每次想到这个问题,她的心就会跳得很厉害。
她不知道答案。
或者说——
她知道答案,但不敢说。
“我——”
“想跟她更近一些。”
她终于说了出来。
声音很轻,但很清楚。
“我想跟她,不只是师徒。”
“……”
林素衣看着她,沉默了几秒。
然后她笑了。
笑得有点释然。
“那就去吧。”
“……”
“去做你想做的。”
“她能为你挡刀,你也该为她做点什么。”
“做点什么?”
“比如——”
林素衣凑近了一些,声音压低了:
“让她知道,你不是只有‘徒弟’这个身份。”
“……”
林晚霜的脸一下子烧起来了。
——
回到竹舍,沈云昭正在院子里修剪竹枝。
她闭关之后,脸色比之前好了一些,但还是很苍白。
右臂上的伤口已经结痂了,但林晚霜知道,那伤不浅。
“回来了?”
沈云昭没有回头。
“嗯。”
“她们怎么样?”
“还好。外婆今天教了我一些辨认灵草的方法。娘就在旁边看着,没怎么说话。”
“……”
沈云昭继续剪竹枝,没有多问。
但林晚霜看出来了。
师尊在等她。
等她开口。
等她问些什么,或者说些什么。
“师尊。”
“嗯?”
“您……为什么要收我?”
“……”
沈云昭的手顿了一下,然后继续剪。
“我之前问过,您没回答。”
林晚霜走到她面前,仰起头看着她:
“现在,我想再问一次。”
沈云昭放下剪刀,转过身看着她。
“我想听实话。

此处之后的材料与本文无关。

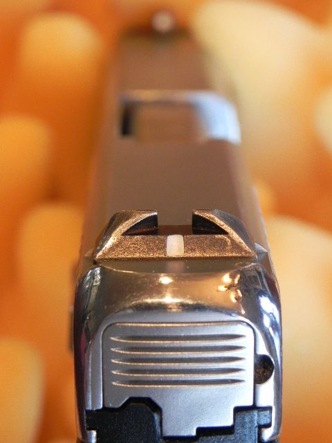 As well, the slide serrations are sharp and uncomfortable to use when racking the gun dozens of times in a practice session. By hand I used 600 grit grey wet/dry sandpaper wrapped around a small flat file to gently round the serrations' edges (1/2 hour).
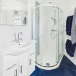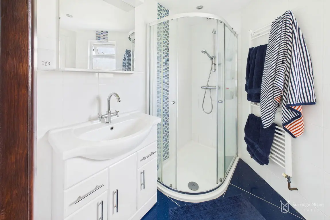 Double glazed opaque window to front. Tiled flooring and fully tiled walls. Inset ceiling spotlights. Towel rail. Extractor fan. Modern white suite compromising of shower cubicle, wash hand basin set within vanity unit and W.C.
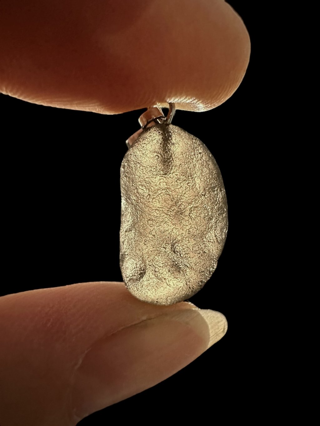 Přívěsky z bižuterního rhodiovaného kovu v minimalistickém stylu kombinují krásu vzácného přírodního minerálu s odolností a leskem moderního kovu.
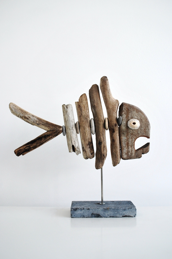 maakt al jaren houten beelden door natuurlijke objecten uit zee te koppelen. De beelden zijn ruw en puur.
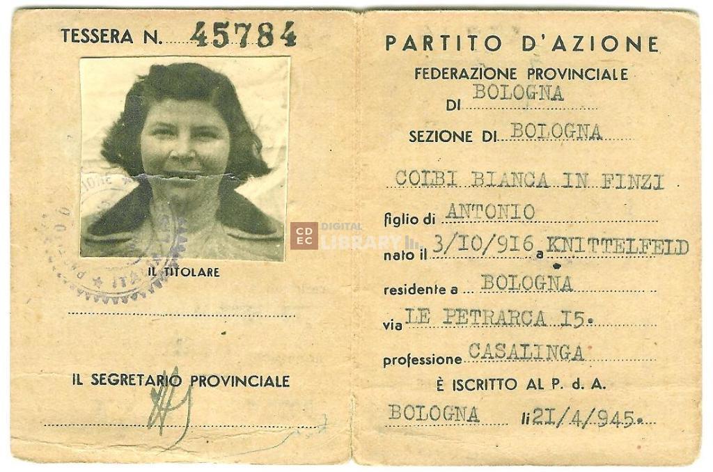 titolo attribuito | Tessera di riconoscimento della Federazione provinciale di Bologna del Partito d'Azione di Colbi Bianca in Finzi |
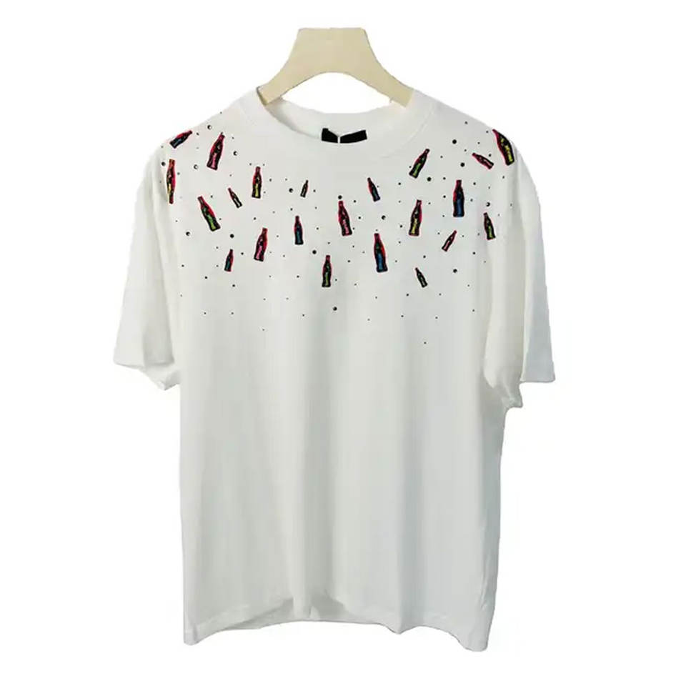 T-shirt à manches courtes en coton 100% avec strass, best-seller - Haute qualité, respirant, décontracté, tendance pour hommes
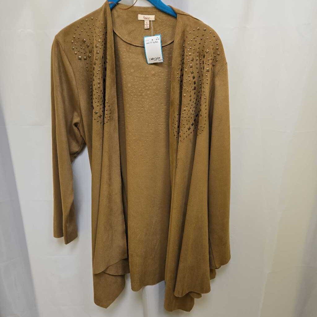 No closure, long sleeves, gold tone stud work in front and back. Falls past waist. Cute!
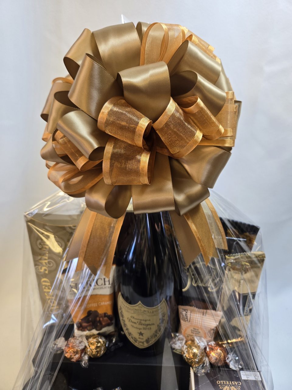 - Presented on a wood tray, wrapped in cellophane and complemented with a handmade bow
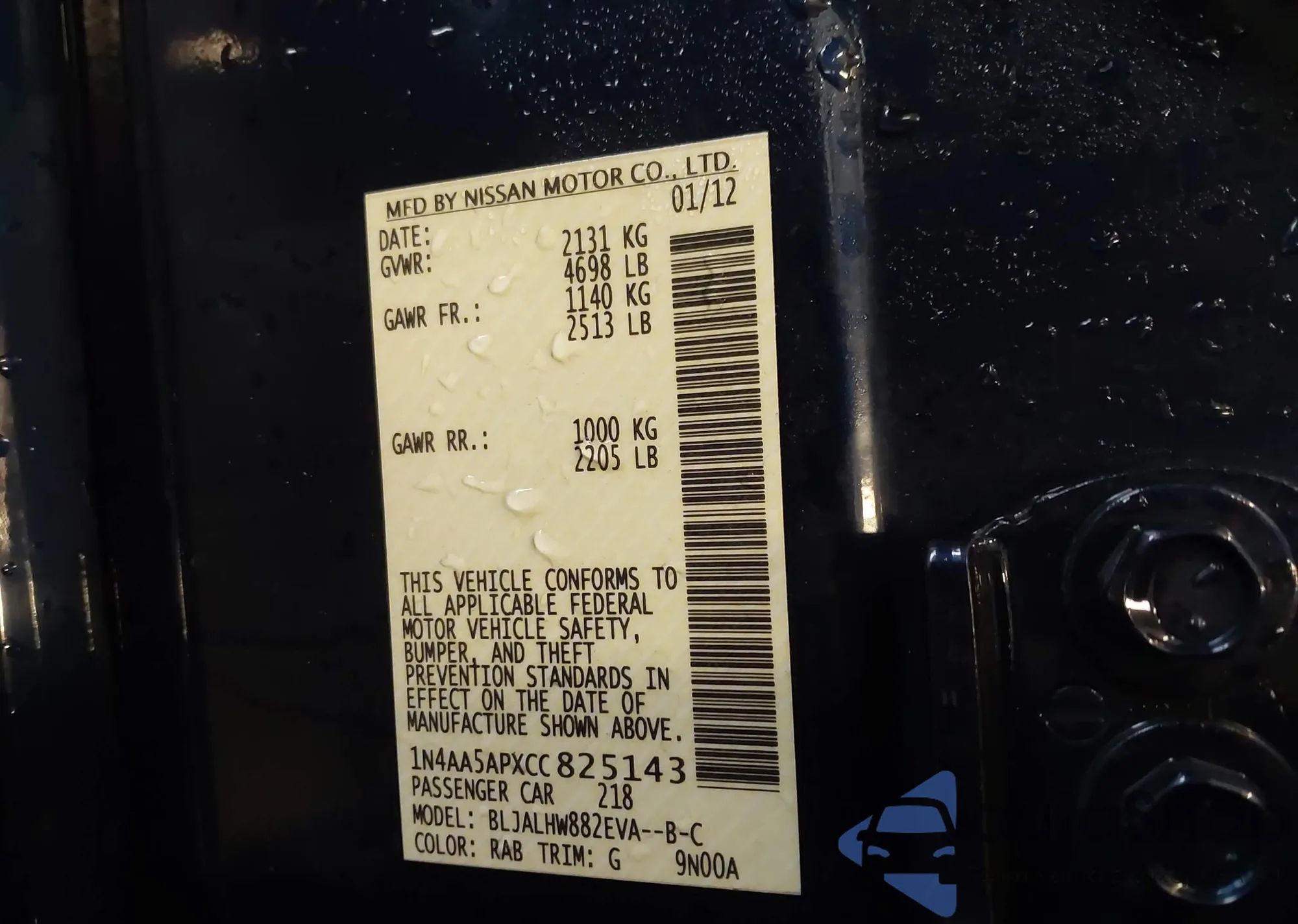 LOT: 44480403 VIN: 1N4AA5AP8BC867759
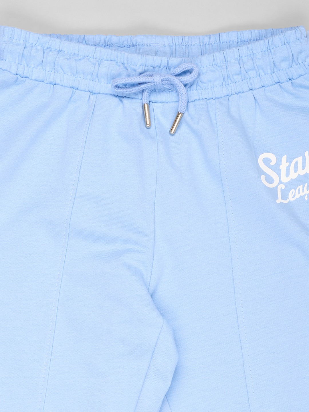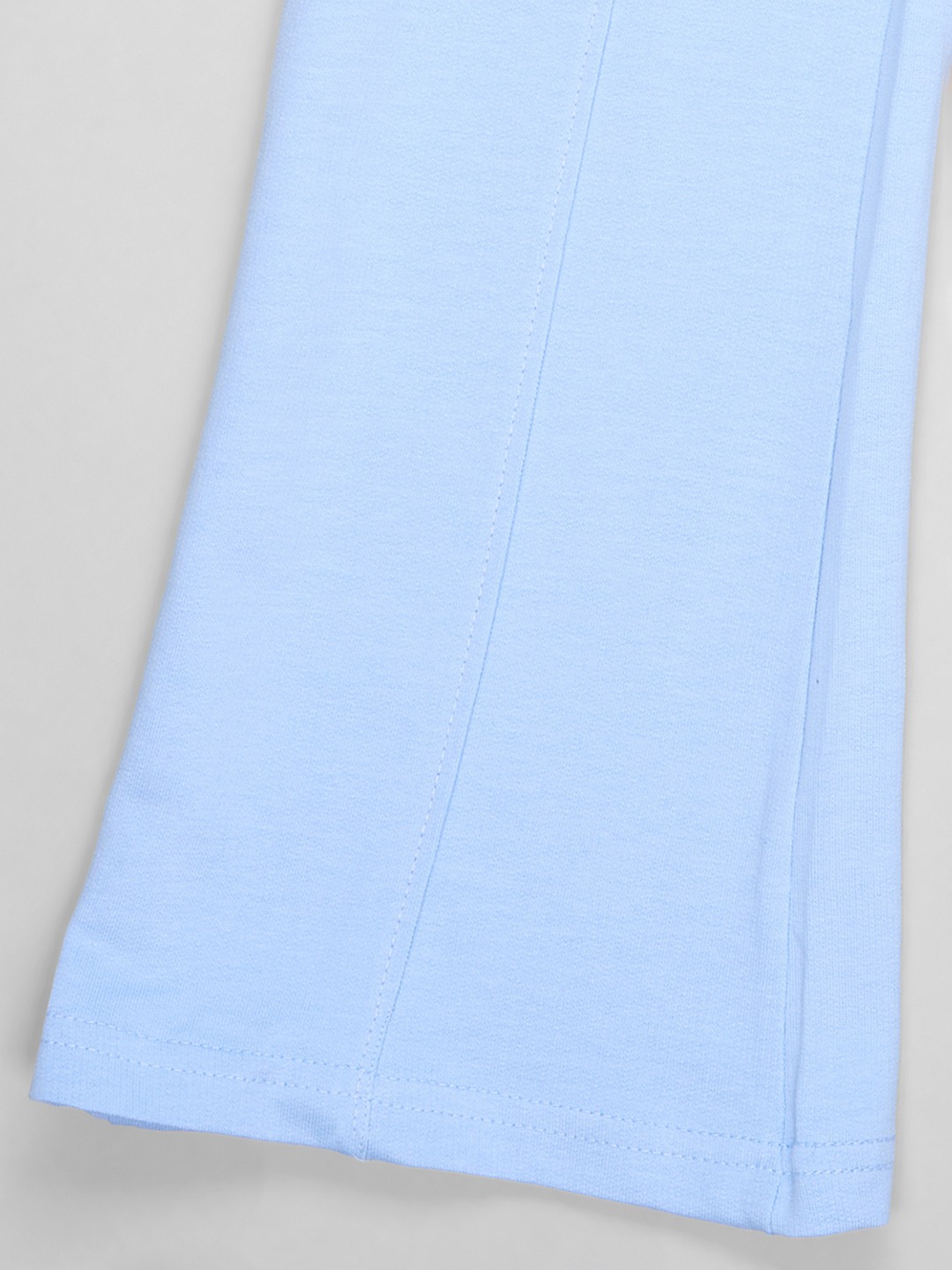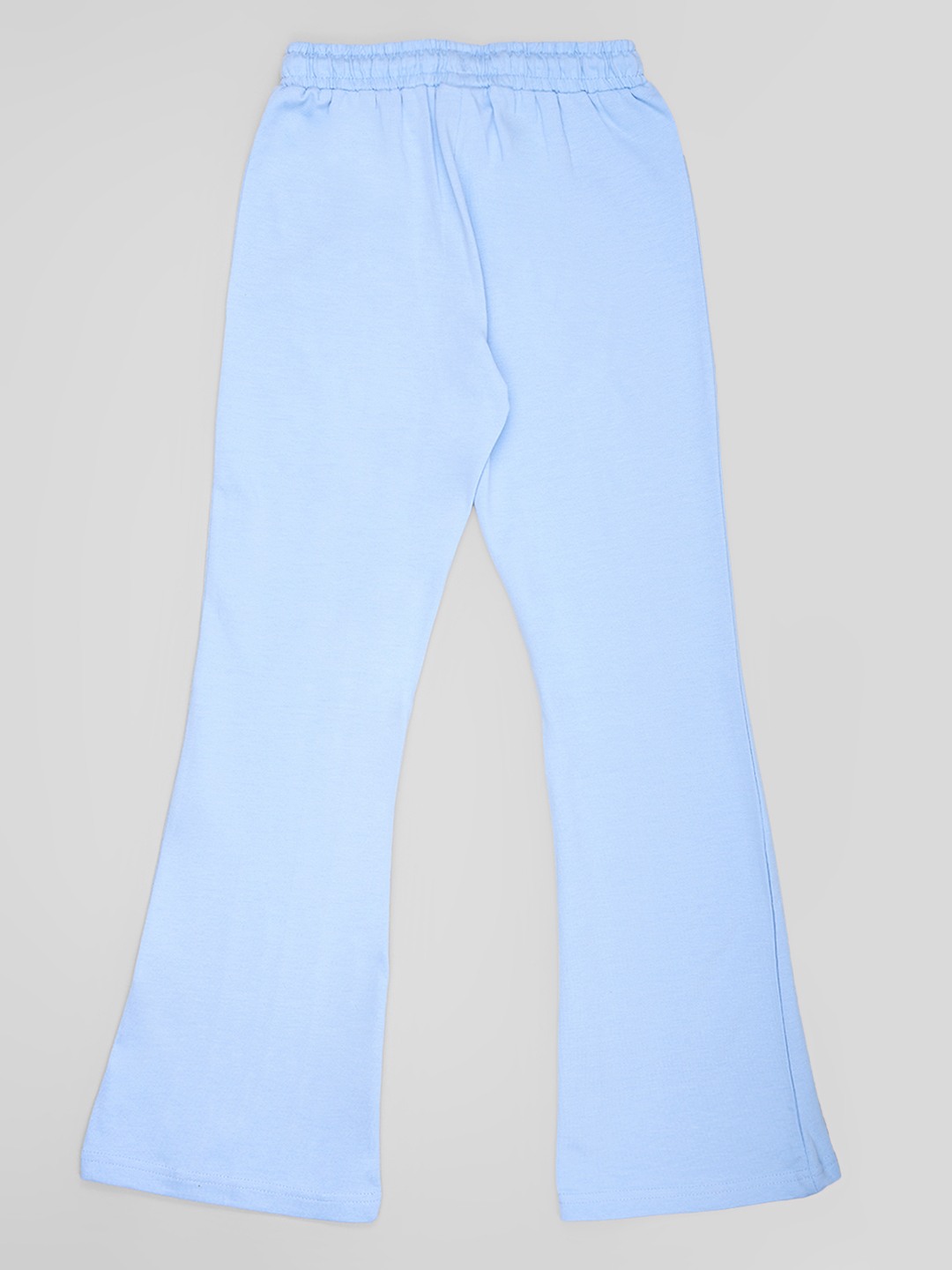 Playful retro energy with a sporty twist. Designed with an elasticated waistband, adjustable drawstring, vertical seam detailing and a flared bell-bottom silhouette, finished with a subtle slogan print at the hip. Made from soft stretch jersey fabric for easy movement.
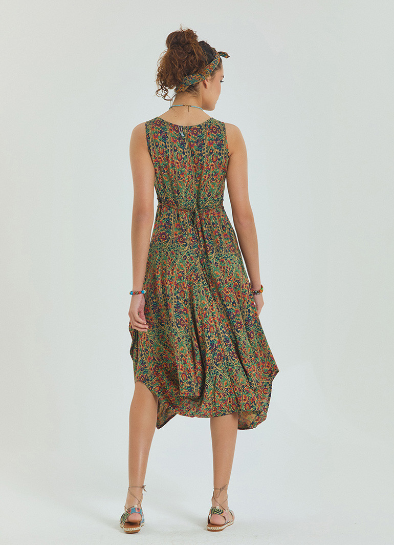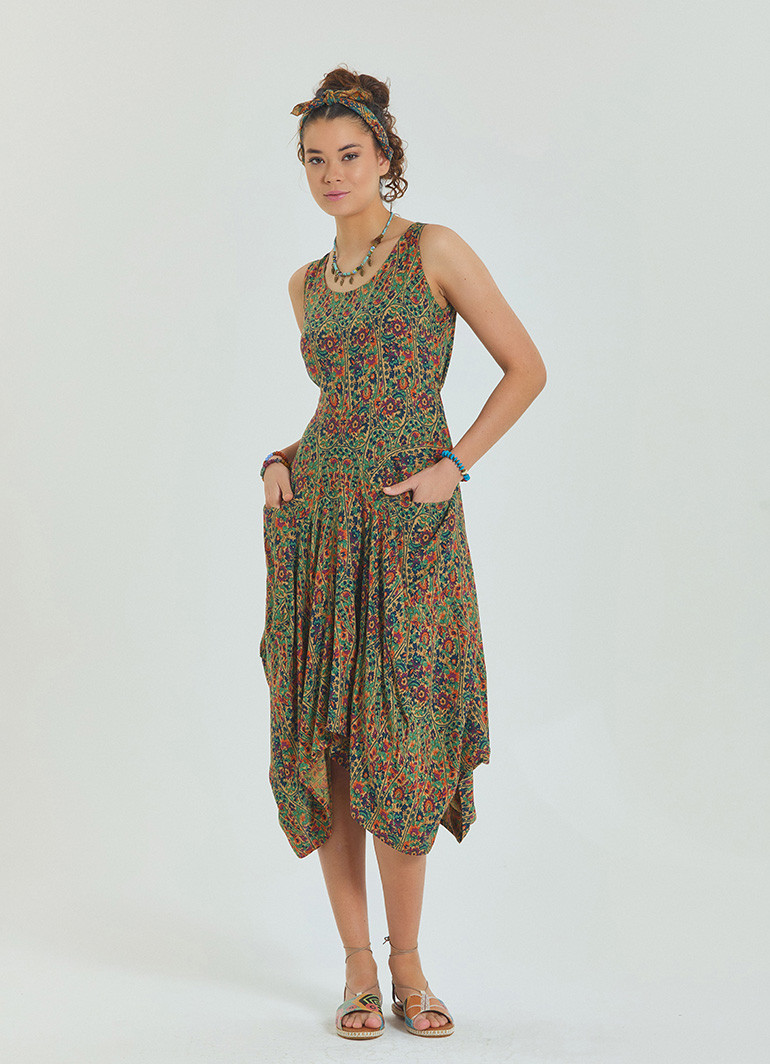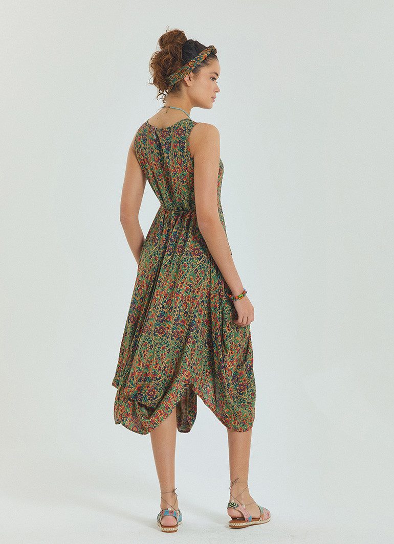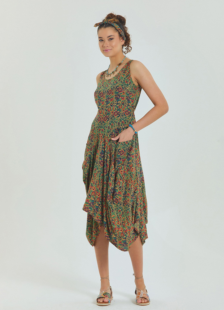 Asimetrik Etek Ucu ve Ön Cep Detaylı, Beli Bağcıklı, Kayık Yaka Elbise

”
“……”
沈云昭沉默了很久。
久到林晚霜以为她不会回答了——
“那天晚上。”
她开口,声音很轻:
“我看见你一个人站在山路上。”
“缩成一团,抱着膝盖,像只找不到家的小猫。”
“……”
“我本来不该管闲事。”
“我闭关了二十年,不该下山,不该见人。”
“但我还是下来了。”
“……”
“为什么?”
“不知道。”
沈云昭摇了摇头:
“可能是觉得你有点像年轻时的我。”
“也可能是——”
她顿了一下,看着林晚霜的眼睛:
“觉得你不会让我失望。”
“……”
林晚霜愣住了。
师尊收她,是因为觉得她“不会让我失望”?
“但事实证明——”
沈云昭继续说,嘴角微微动了动:
“你确实让我很失望。”
“……”
林晚霜的脸垮了。
“吃饭放盐,练剑偷懒,月考之前不跟我说,大比还硬刚——”
“哪一件没让我失望?”
“……”
林晚霜的脸越来越白。
“但是——”
沈云昭的话锋一转:
“你也没有让我后悔。”
“……”
“后悔收你。”
“……”
林晚霜的心猛地一跳。
“师尊……”
“什么。”
“您——”
林晚霜深吸一口气,攥紧了拳头。
她想说。
她想说她喜欢师尊。
想说她想一直跟在师尊身边。
想说她不想只做师徒。
可是——
话到嘴边,又咽下去了。
不敢。
真的不敢。
“怎么了?”
沈云昭看着她,眉头微微皱起。
“没、没什么……”
“想说什么就说。”
“我——”
林晚霜咬了咬唇,最后只挤出一句:
“谢谢师尊。”
“……”
沈云昭看着她,沉默了几秒。
然后她转身,往屋里走。
“吃饭。”
“哦……”
林晚霜跟在她身后,心里又酸又涨。
她想说的,没说出口。
但——
师尊知道吗?
如果知道,她怎么不问?
如果不知道,为什么她刚才看着自己的眼神——
那么深?
——
晚上,林晚霜躺在床上,翻来覆去睡不着。
娘的话一直在她脑子里转。
“她能为你挡刀,你也该为她做点什么。”
做什么?
表白吗?
可是——
她不敢。
师尊总是那么冷,那么远。
就算她说出口了,师尊会怎么想?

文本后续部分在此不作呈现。